AA 11 hit the north tower while I was getting gas in Fowlerville on the way to Lansing. I was at the offices of the State Bar of Michigan as coordinated news coverage was beginning to put all of the pieces together.
Though we stayed within sight and earshot of the TV monitors showing coverage of the events, several of us sat down and went over some of the major issues of the legislation. It was really hard, but we did it.
On 19 May 1780, the skies darkened over Connecticut and much of the rest of New England and parts of Canada. Although the exact cause is not known, it likely involved uncommon weather conditions and forest fires upwind. It has since become known as New England’s Dark Day. The Connecticut legislature was in session and many of the members were so affected by the darkness that they moved that the legislature be adjourned so that they could go home and prepare for the end of the world.
Abraham Davenport was a member of the Connecticut legislature and a colonel in the Connecticut Connecticut State Militia. He was at the session of the legislature that day. He famously said “I am against an adjournment. The day of judgment is either approaching, or it is not. If it is not, there is no cause of an adjournment. If it is, I choose to be found doing my duty. I move, therefore, that candles be brought.”
I was not a CAP member in 2001 or I might have had directly-related duties to which to attend. Instead, I was a lawyer with what I understood (and understand) were important opportunities to help new technologies find acceptance and use in commerce. Lacking a uniform to put on and go try to be helpful, I and a few others sat down and did the best we could. We figured that working on legislation would be the last thing that those behind the attacks would imagine that the target would do in reaction.

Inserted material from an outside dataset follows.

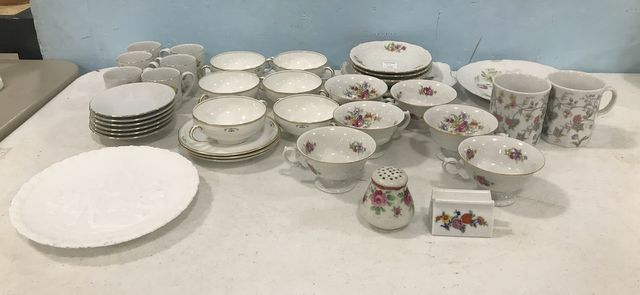Soup saucers and cups, mugs, Poland suacers and cups, card holder, salt shaker, small cups and saucers. Soup saucers and cups, mugs, Poland suacers and cups, card holder, salt shaker, small cups and saucers.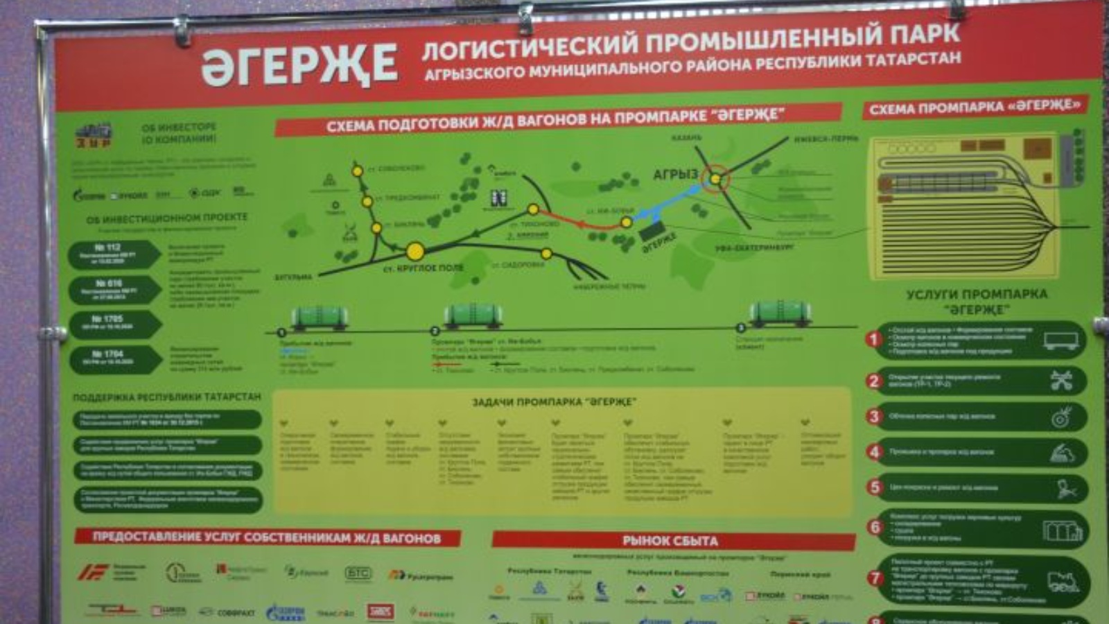 Әгерҗе шәһәрендә логистик сәнәгать паркын төзү проекты турында «ЗУР» ҖЧҖ директоры Марат Шәфигуллин сөйләде. Инде хәбәр итүебезчә, инвестор тимер юл вагоннарын эшкәртүне, тимер юл составларын формалаштыруны, вагоннарны карауны һәм әзерләүне, аларның артта калуын күздә тота. Сәнәгать мәйданчыгы хезмәтләренә Татарстанның эре сәнәгать предприятиеләре (ТАНЕКО, ТАИФ, Түбән Кама нефть химиясе, Менделеевсказот), шулай ук күрше регионнар предприятиеләре тарафыннан ихтыяҗ булачак.

I didn’t know the story of Abraham Davenport then. I only heard it later in a Christopher Hitchens book, But I like to think that I did the right thing.
I’d like to think that we all might do as Davenport did. Lacking a uniform, an aircrew slot, an ambulance, or a badge, let us continue the unsung but vital processes that are so important to our communities.
I move that candles be brought. And keep bringing them in for as long as the darkness lasts.